Christianity, the religious movement that grew out of the teaching and crucifixion of Jesus of Nazareth two thousand years ago, has spread in a variety of forms and churches across the globe. Jesus was a Jew; his followers never abandoned the Jewish scriptures, though little by little they added to the Jewish "Old Testament" a further collection of writings that became the "New Testament" of their Bible. Christian beliefs and practices of life have to be understood as a mixture of elements and influences in part derived from their Hebrew ancestors, in part the result of the teachings of Jesus of the circumstances in which Christianity subsequently developed (Gregory, 1997).

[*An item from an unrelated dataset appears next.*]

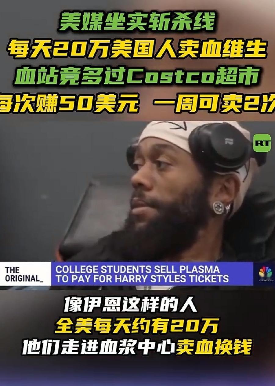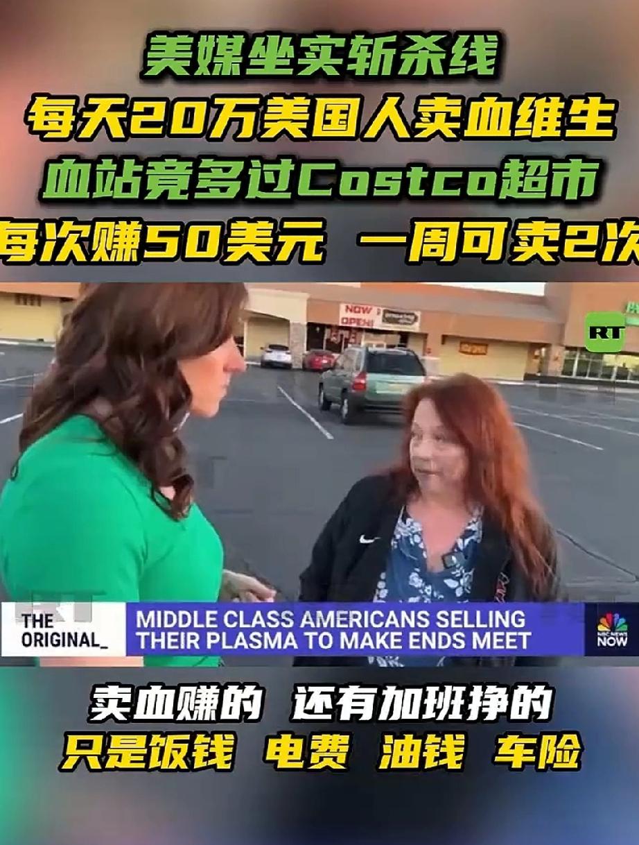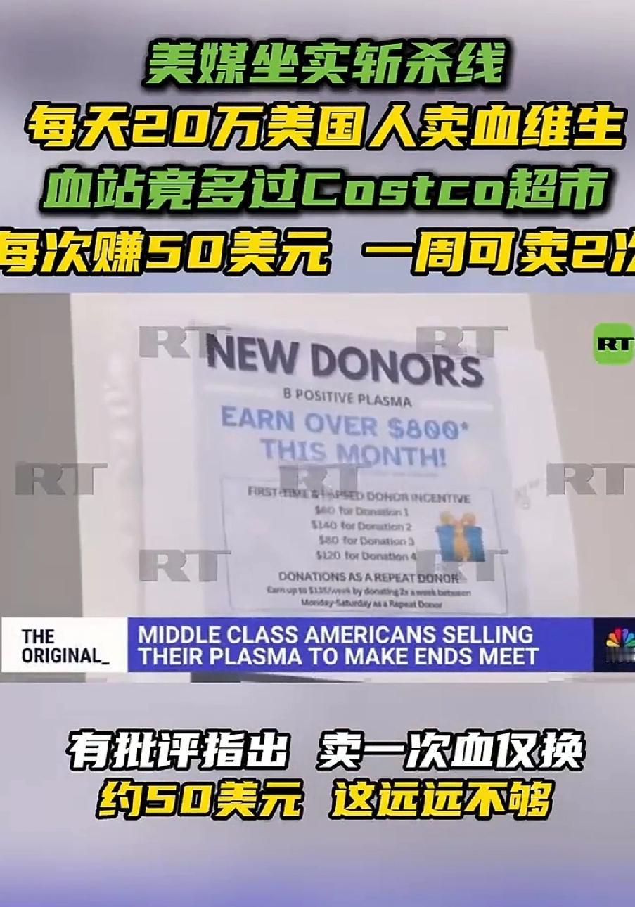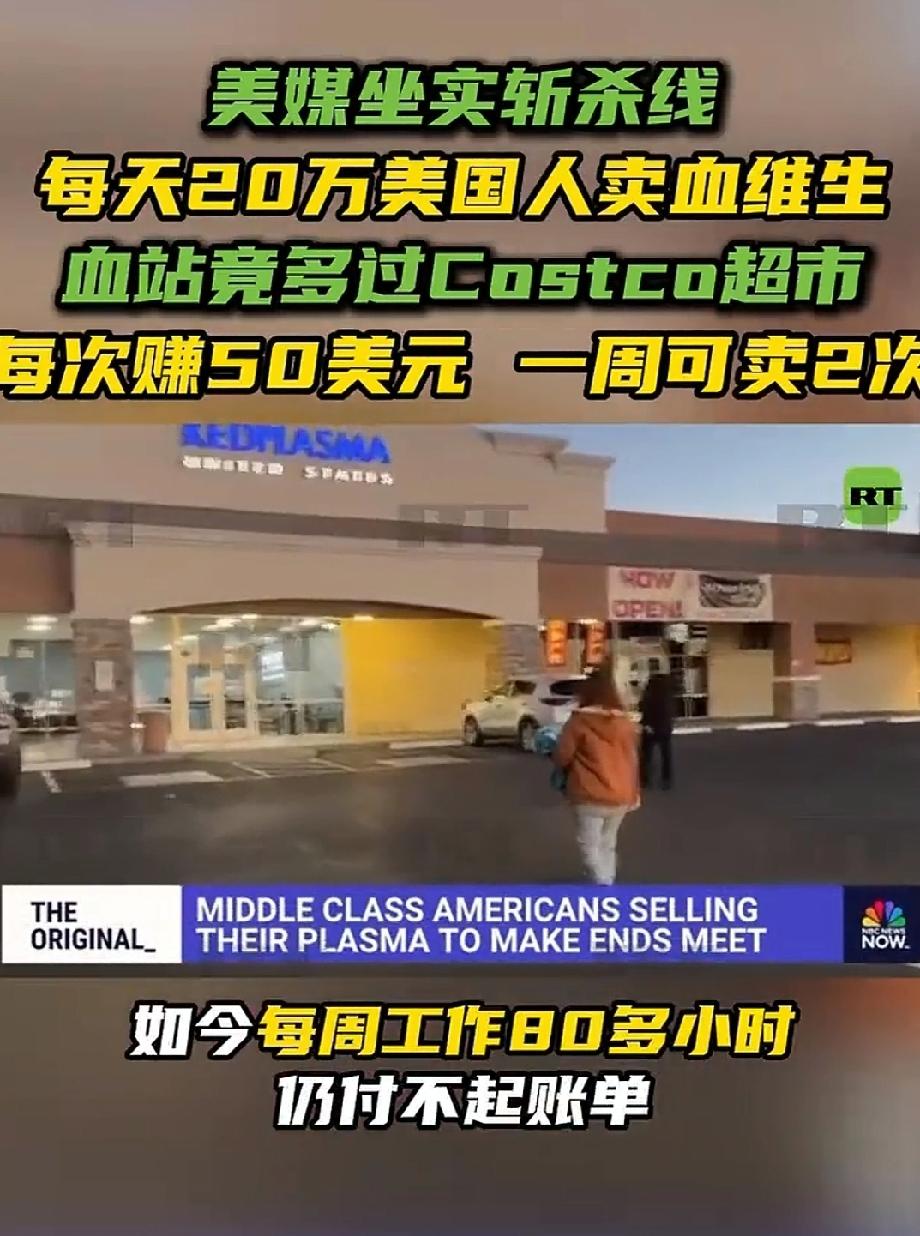 美国斩杀线坐实,大量美国人靠卖血维生,甚至包括曾经年入8.7万美元的高管。 去年小红薯对账,Tiktok难民潮,美国人讲他们卖血维生,我们中国人很多不信,现在美国自家媒体也终于意识到这个现实了。 采血站开得比超市都多,这就很能说明问题了。 这就是资本主义社会制度的巅峰之作,这不是个人问题,就是资本主义社会制度的必然结果。 点右上角关注我,我们一起去看这个魔幻的世界

Judaism was the religion of a single people, claiming to be uniquely chosen by God. Its sense of civic identity was reinforced, by the way, in which so many of its sacred books were historical in nature, relating to rise and fall of a kingdom of Israel centered upon Jerusalem. Inevitably, this kind of political focus was totally lost in a religious movement that contrasted itself with Israel strictly in terms of not being a people in the general significance but being rather a new people of God chosen from all peoples of the world. Whether or not this universalism was incorporated in the teaching of Jesus himself, it was a key characteristic of the Christian Church within a generation of his death and was at the heart of the teaching of his most prominent disciple, St. Paul.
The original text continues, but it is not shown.